▶ **Task prompt**:
Starting at the first line of the material below and stopping after the line that includes "XKBOX4g太阳能摄像头室", write the lines out again exactly. Drop any pictures.

▶ **Exercise inputs**:

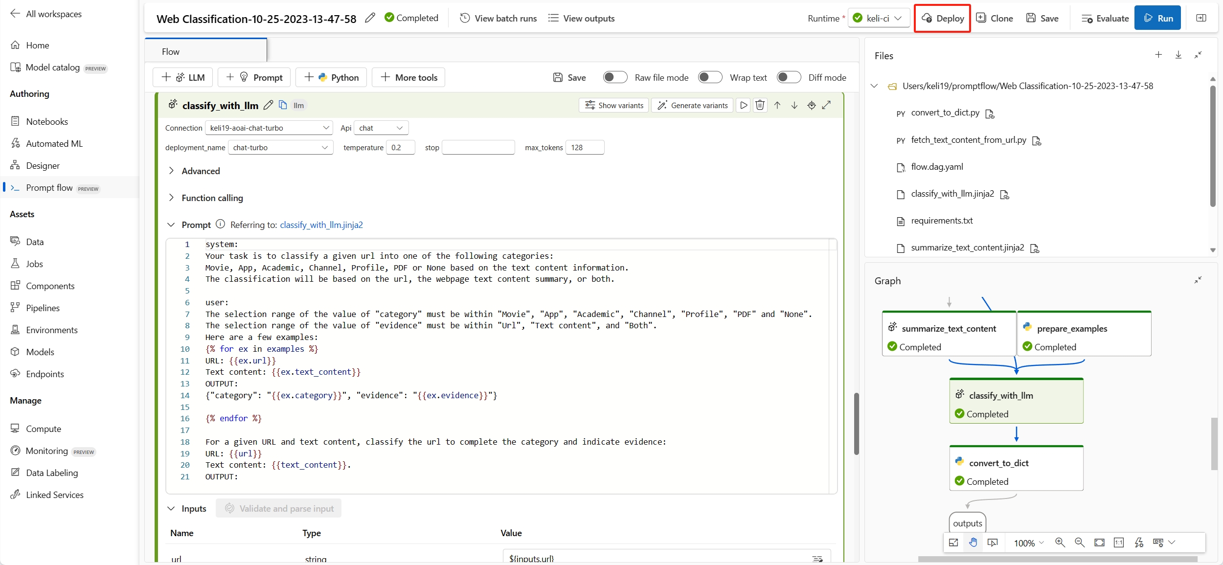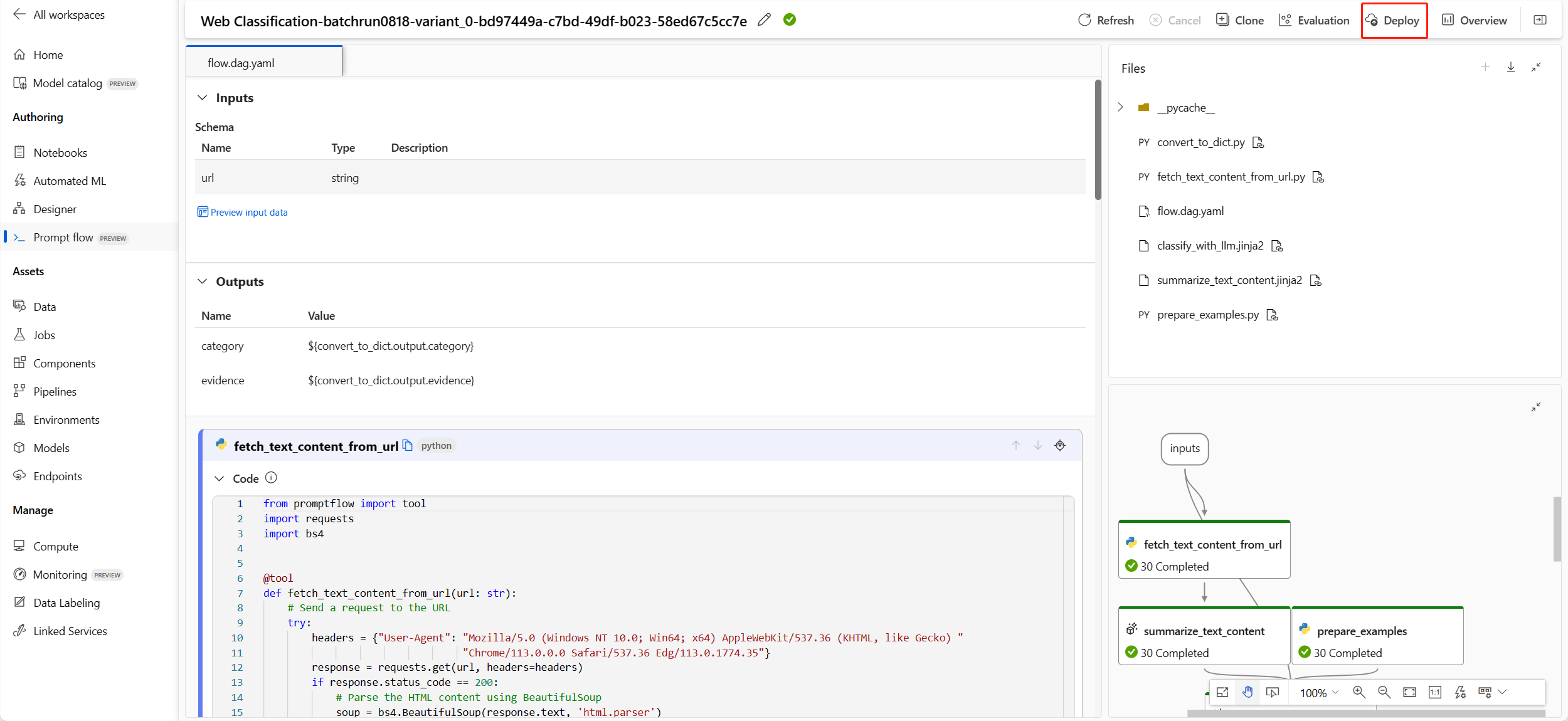 We'll use the sample flow Web Classification as example to show how to deploy the flow. This sample flow is a standard flow. Deploying chat flows is similar. Evaluation flow doesn't support deployment.
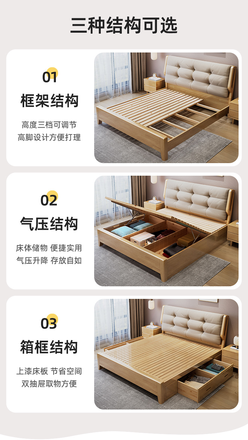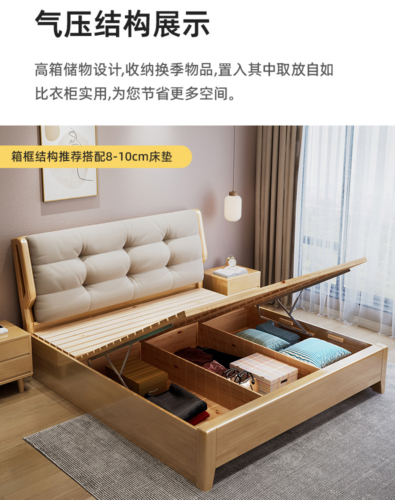 크림 fengyunduo 단단한 나무 침대 부드러운 공기 압력 저장 침대 마스터 침실 1.8 m 더블 웨딩 침대 1.5 작은 아파트 침대
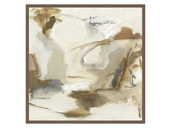 With its abstract forms and earthy palette, this work by Buddy Whitlock delivers a balance of serenity and visual intrigue. The thick and thin walnut shadow frame adds a refined touch to its timeless design.
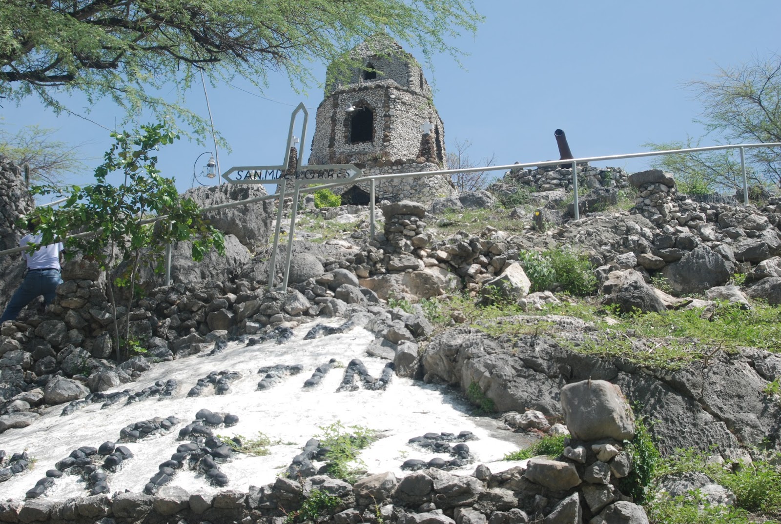 Son muchos los atractivos que podemos disfrutar en Baní pero aquí les dejo con una panorámica de la ciudad y 2 tomas fotográficas de un lugar excepcional…El Santuario San Martín de Porres, situado en Las Tablas de Baní. Este fue construido en piedra procedentes de su entorno natural y en su interior encontramos una capilla adornada de preciosas pinturas y motivos religiosos. Desde allí se nos regala un escenario perfecto del entorno natural y la historia que el lugar nos muestra.
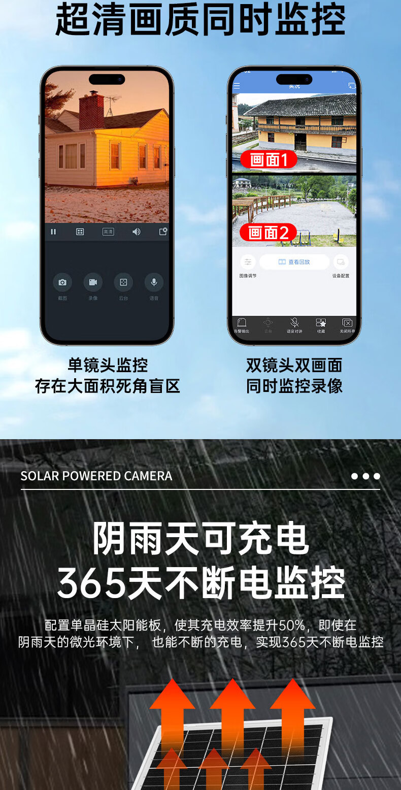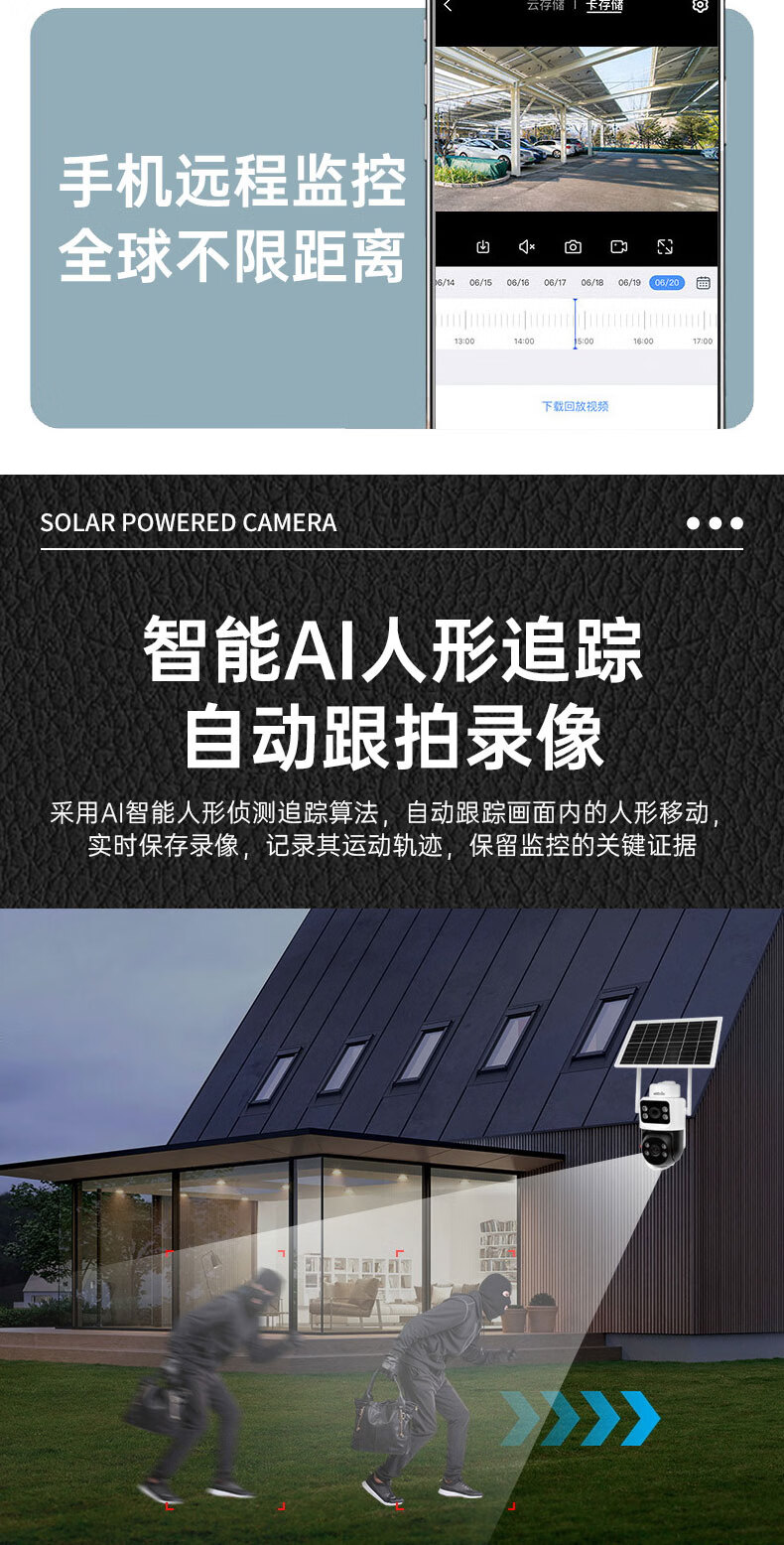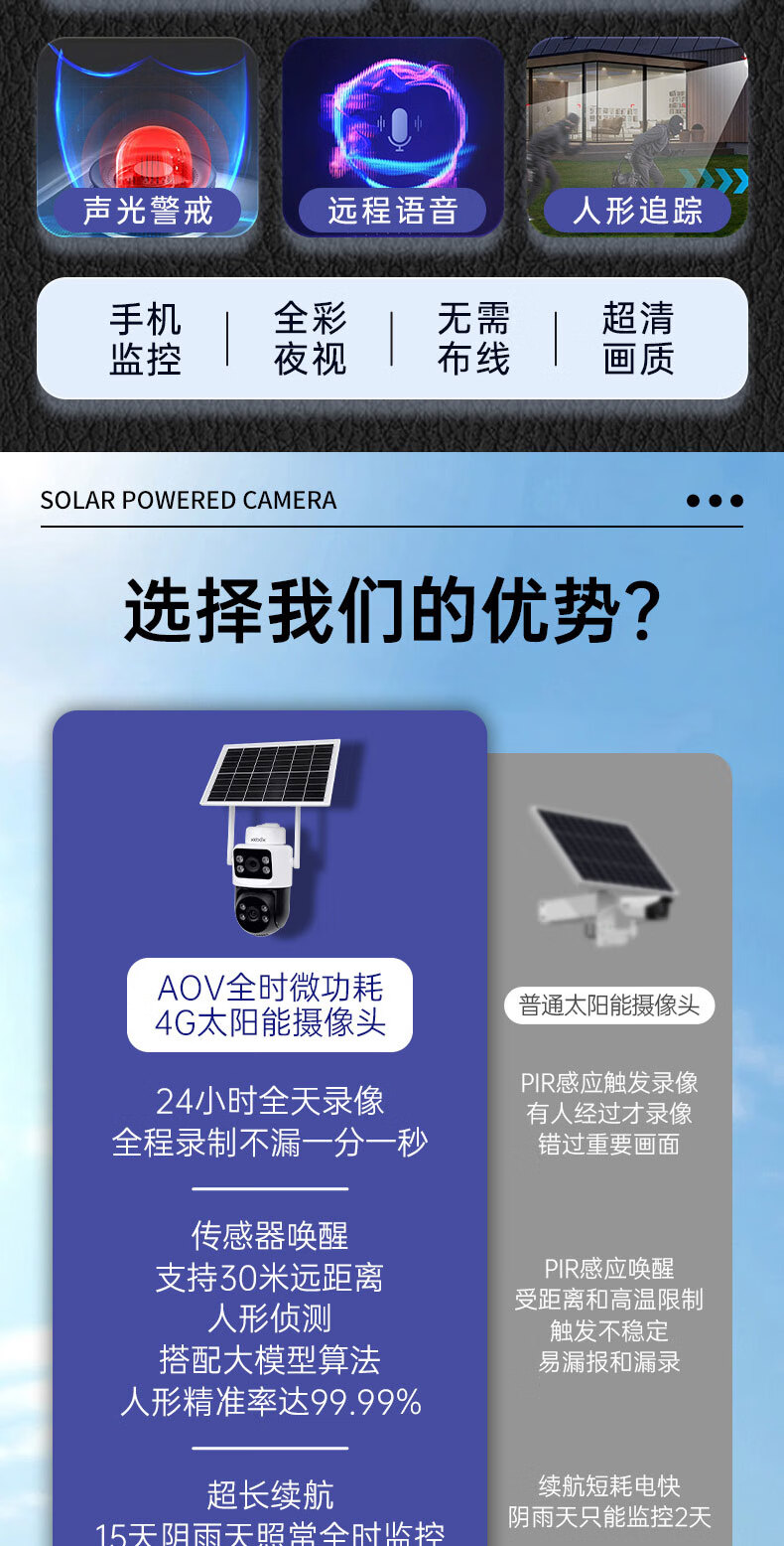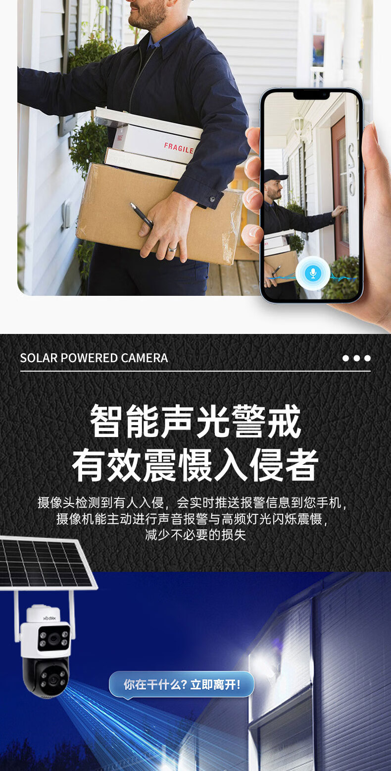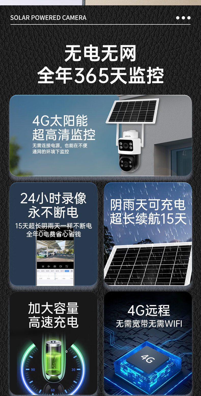 XKBOX4g太阳能摄像头室外无电无网终身免费流量免插电手机远程高清监控器家用户外360度无死角全景夜视
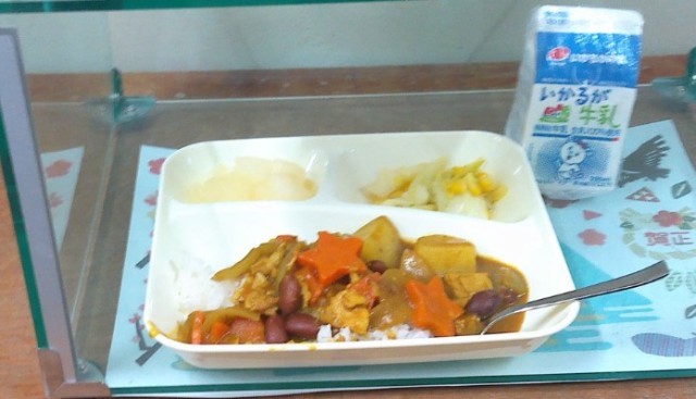 今日は、金時豆が入ったカレーライスです。豆類の苦手な子どもたちにも食べやすくしています。また、ラッキー人参も入っていました。
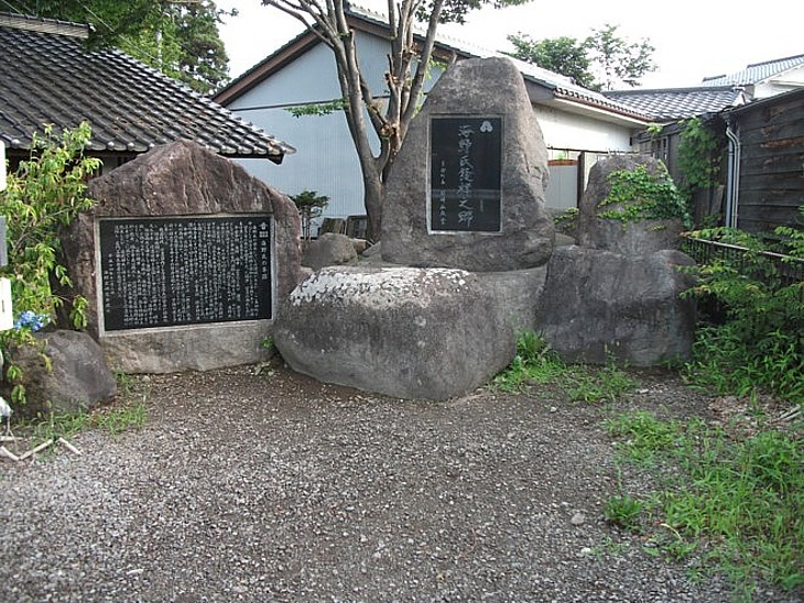 白鳥神社の前に建つ「海野氏発祥之郷」の碑。書は東部町長(合併以前)の保科俶教氏。
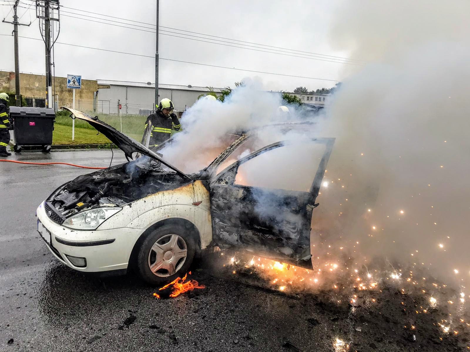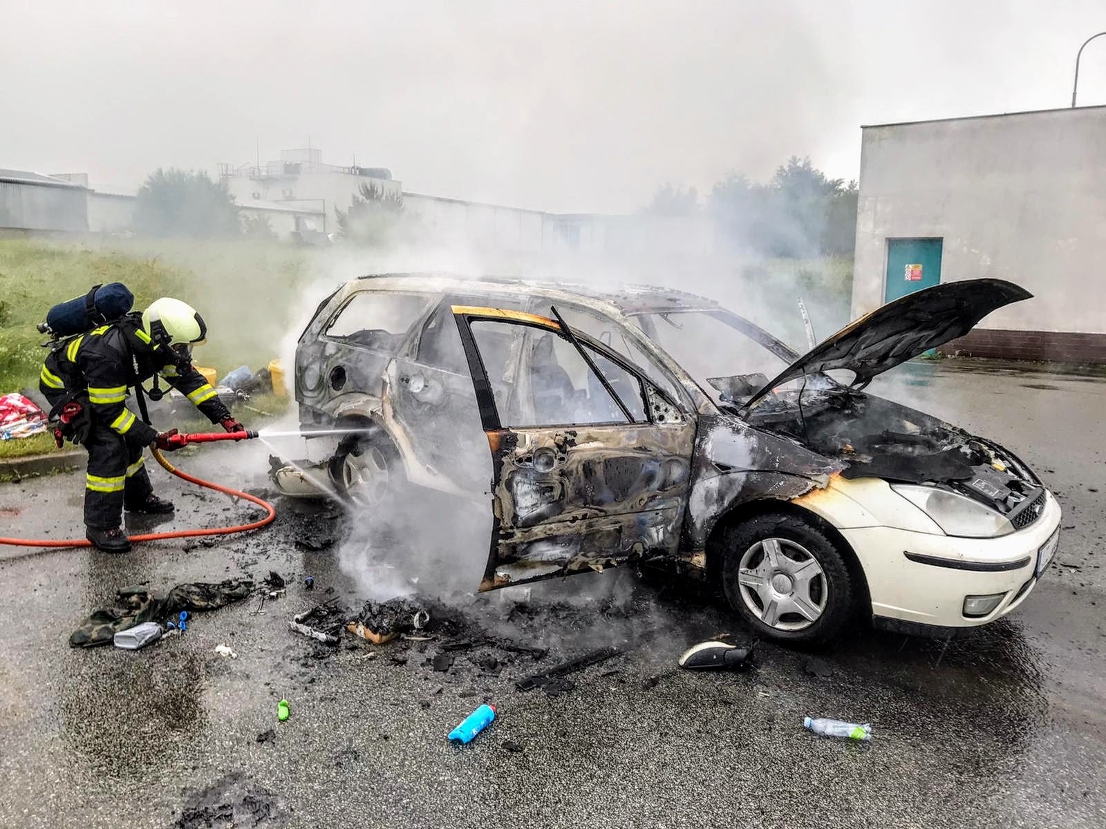 Zatím z nezjištěné příčiny hořelo v Dolní Pěně ve středu 10. června osobní auto.
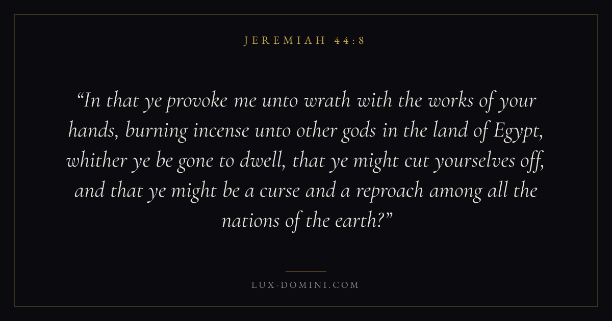 In that ye provoke me unto wrath with the works of your hands, burning incense unto other gods in the land of Egypt, whither ye be gone to dwell, that ye might cut yourselves off, and that ye might be a curse and a reproach among all the nations of the earth?
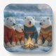 Assiettes En Carton Christmas Polar Bears Around a Bonfire

▶ **Answer to this problem**:
 We'll use the sample flow Web Classification as example to show how to deploy the flow. This sample flow is a standard flow. Deploying chat flows is similar. Evaluation flow doesn't support deployment.
 크림 fengyunduo 단단한 나무 침대 부드러운 공기 압력 저장 침대 마스터 침실 1.8 m 더블 웨딩 침대 1.5 작은 아파트 침대
 With its abstract forms and earthy palette, this work by Buddy Whitlock delivers a balance of serenity and visual intrigue. The thick and thin walnut shadow frame adds a refined touch to its timeless design.
 Son muchos los atractivos que podemos disfrutar en Baní pero aquí les dejo con una panorámica de la ciudad y 2 tomas fotográficas de un lugar excepcional…El Santuario San Martín de Porres, situado en Las Tablas de Baní. Este fue construido en piedra procedentes de su entorno natural y en su interior encontramos una capilla adornada de preciosas pinturas y motivos religiosos. Desde allí se nos regala un escenario perfecto del entorno natural y la historia que el lugar nos muestra.
 XKBOX4g太阳能摄像头室外无电无网终身免费流量免插电手机远程高清监控器家用户外360度无死角全景夜视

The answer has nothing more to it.